Though Chali and his five partners have been making full-length albums for only two years, they’re more survivors than revivalists. The group was formed back in 1993 from two separate crews, Rebels of Rhythm and Unity Committee. Both crews congregated in South Central Los Angeles at the Good Life Café, an open-mic space that attracted heads who weren’t interested in the gangsta rap that was at the center of national attention.

“You couldn’t get a record deal without being a gangster at the time,” Chali says. “Our stuff didn’t exist in clubs. We had to create spots for our stuff and generate our own audience.”

It wasn’t only Jurassic 5’s words and beats that differed from the gangsta norm but also the crew’s multiracial composition. (Its two mastermind DJs are white.) For years, the group survived by focusing on the European market. Only when Jurassic 5’s self-released EP hit the English Top 40, in 1997, did major U.S. labels finally get the message. Now the crew is sharing its limelight with other history-conscious, progressive groups such as Blackalicious, Dilated Peoples, and Slum Village. The exposure has paid off, too: Power in Numbers debuted last week in the Billboard Top 20, selling more than 50,000 copies.

And yet, as with most of today’s progressive crews, it’s hard to shake the suspicion that Jurassic 5 has major-label support because its stance is so unthreatening. Power is loose enough to wash away any chalky PC aftertaste (the kind that dries out the Roots’ albums), but its smooth flow doesn’t run deep, and its lyrics only track in warm political abstractions. Surprisingly, Chali doesn’t deny that this might make his crew more commercially palatable than more pointed artists like the Coup or Mos Def. “That may be the case. I’m not sure. But however the medicine goes down, hopefully the cure is swift, you know what I’m saying?”

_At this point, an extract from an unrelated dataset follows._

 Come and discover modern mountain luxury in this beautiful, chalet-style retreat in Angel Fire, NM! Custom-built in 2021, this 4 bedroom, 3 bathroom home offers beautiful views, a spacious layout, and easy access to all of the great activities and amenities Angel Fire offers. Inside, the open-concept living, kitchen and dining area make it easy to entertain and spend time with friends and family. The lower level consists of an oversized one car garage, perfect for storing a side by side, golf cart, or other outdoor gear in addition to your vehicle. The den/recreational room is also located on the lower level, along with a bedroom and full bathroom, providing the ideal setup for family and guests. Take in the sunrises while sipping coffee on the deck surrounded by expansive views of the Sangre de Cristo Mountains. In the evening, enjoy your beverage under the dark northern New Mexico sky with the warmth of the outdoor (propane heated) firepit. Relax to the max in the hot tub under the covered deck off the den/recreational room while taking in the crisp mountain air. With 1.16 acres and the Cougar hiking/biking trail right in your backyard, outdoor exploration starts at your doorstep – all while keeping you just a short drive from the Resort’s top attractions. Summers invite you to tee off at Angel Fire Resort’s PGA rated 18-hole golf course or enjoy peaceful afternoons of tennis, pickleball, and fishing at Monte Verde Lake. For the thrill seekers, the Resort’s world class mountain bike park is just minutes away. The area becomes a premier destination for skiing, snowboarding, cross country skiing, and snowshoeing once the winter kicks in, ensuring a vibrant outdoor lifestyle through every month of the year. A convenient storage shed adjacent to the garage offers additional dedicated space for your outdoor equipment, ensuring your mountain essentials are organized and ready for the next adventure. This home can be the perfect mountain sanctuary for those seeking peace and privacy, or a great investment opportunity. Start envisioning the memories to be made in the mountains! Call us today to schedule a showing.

Not really. But will the cure be heard the way that the 32-year-old Chali heard De La Soul or Big Daddy Kane in his youth? After all, Jurassic 5’s fanbase remains mostly white, and breaking out of that box will be a challenge. “I won’t say it’s been tough, but … yeah, it has. But, I mean, I don’t mind. I can’t ask for the audience. We can only push to see what happens.”

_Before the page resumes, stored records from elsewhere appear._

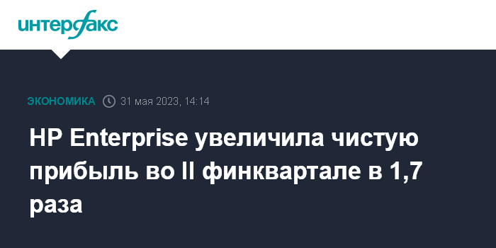 Москва. 31 мая. INTERFAX.RU - Американская Hewlett Packard Enterprise (HPE), поставщик решений в сфере IT и телекоммуникационных услуг, увеличила чистую прибыль во втором финансовом квартале (завершился 30 апреля) в 1,7 раза, выручку - на 4%.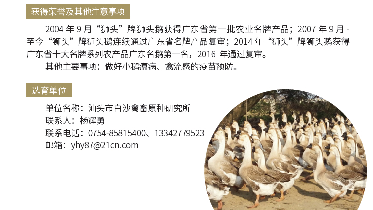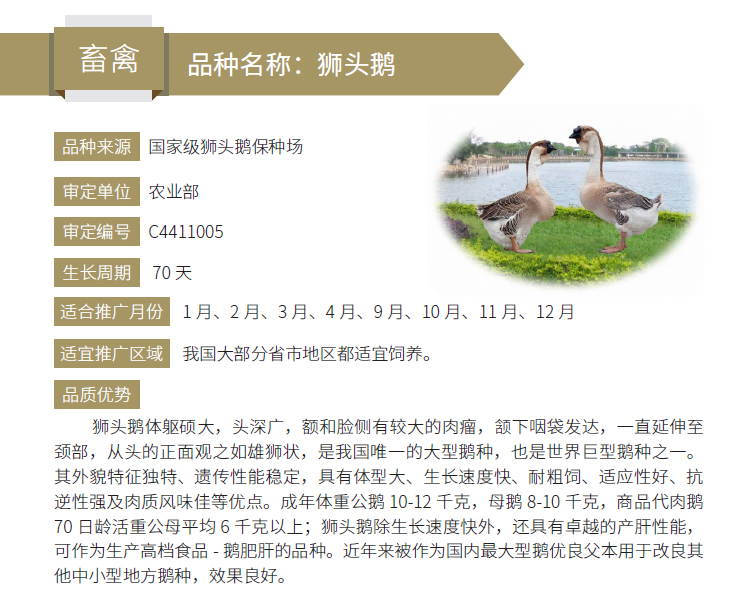 2019年农业主导品种:狮头鹅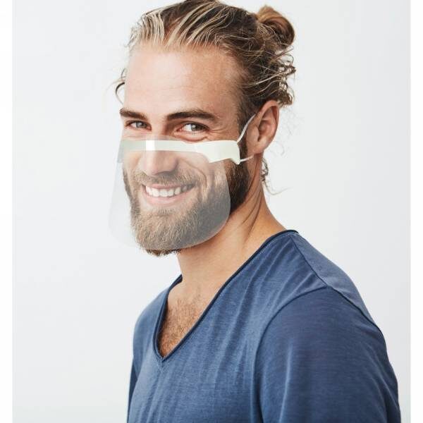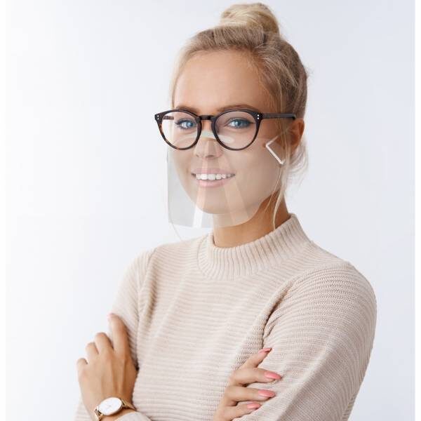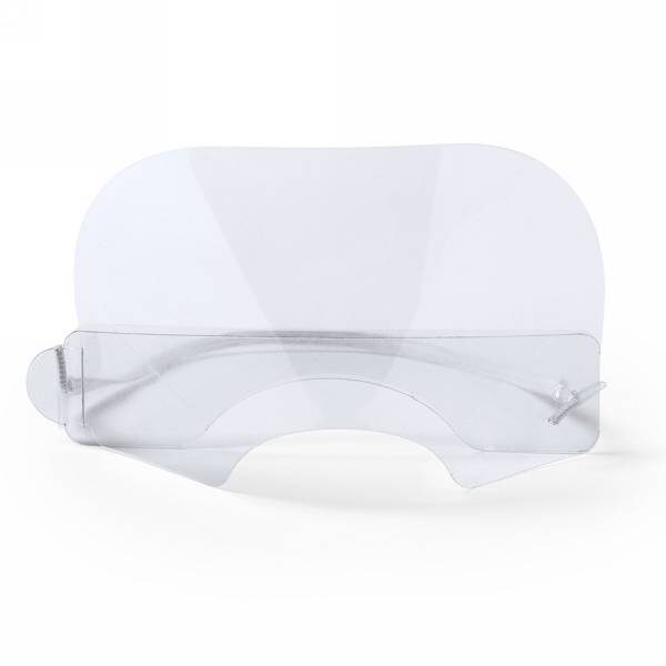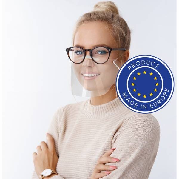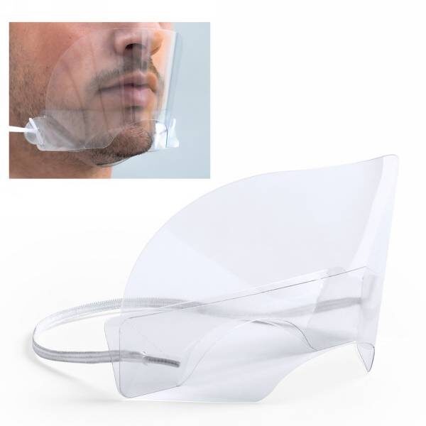 Osłona na nos i usta z elastycznymi mocowaniami, wielokrotnego użytku, wykonana z przezroczystego tworzywa PET, łatwa do dezynfekcji po każdym użyciu, łatwa w montażu, możliwość dopasowania długości gumek, duże otwory umożliwiające łatwą wymianę gumek, odpowiednio wyprofilowana pod okulary, posiada otwory zapobiegające parowaniu okularów, szeroki nosek z pianki poliestrowej dla większego komfortu użytkowania (wyprodukowana w Europie / made in Europe)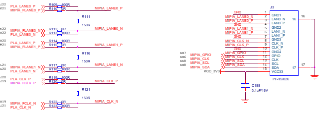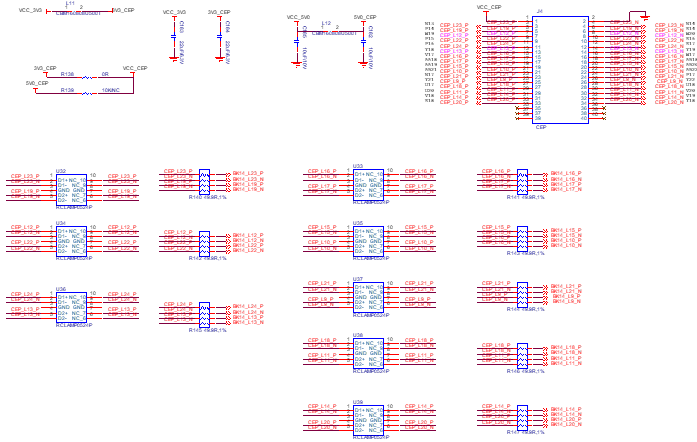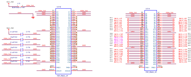 开发平台焊接有一对FEP连接器,原理图接入有48个IO/24对差分,接入5V电源。
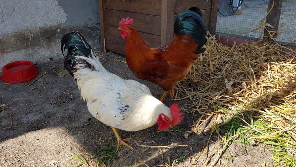Die beiden sind Zwerghähne und konnten aus privaten Gründen nicht mehr in ihrem bisherigen Zuhause bleiben. Sie sind ganz lieb 🙂

Chali also hints at greater reasons for continuing to preach the old-school testament. His refusal of gangsta life, it turns out, didn’t result from the high road of privilege but from a trying personal struggle.

“I come from a poor, one-parent household,” he reveals. “I was able to move to California with my grandmother while my mother still stayed in Chicago, struggling. One of my best friends got killed, like, I don’t know, three feet from me. And one of my older cousins got locked up, man, six years, federal pen. I was posed with the question ‘Do you want to stay here with your mom, or do you want to go to L.A. with your grandma?’ I left.”

Chali 2na hasn’t stopped moving, and Jurassic 5 is taking along anyone willing to follow.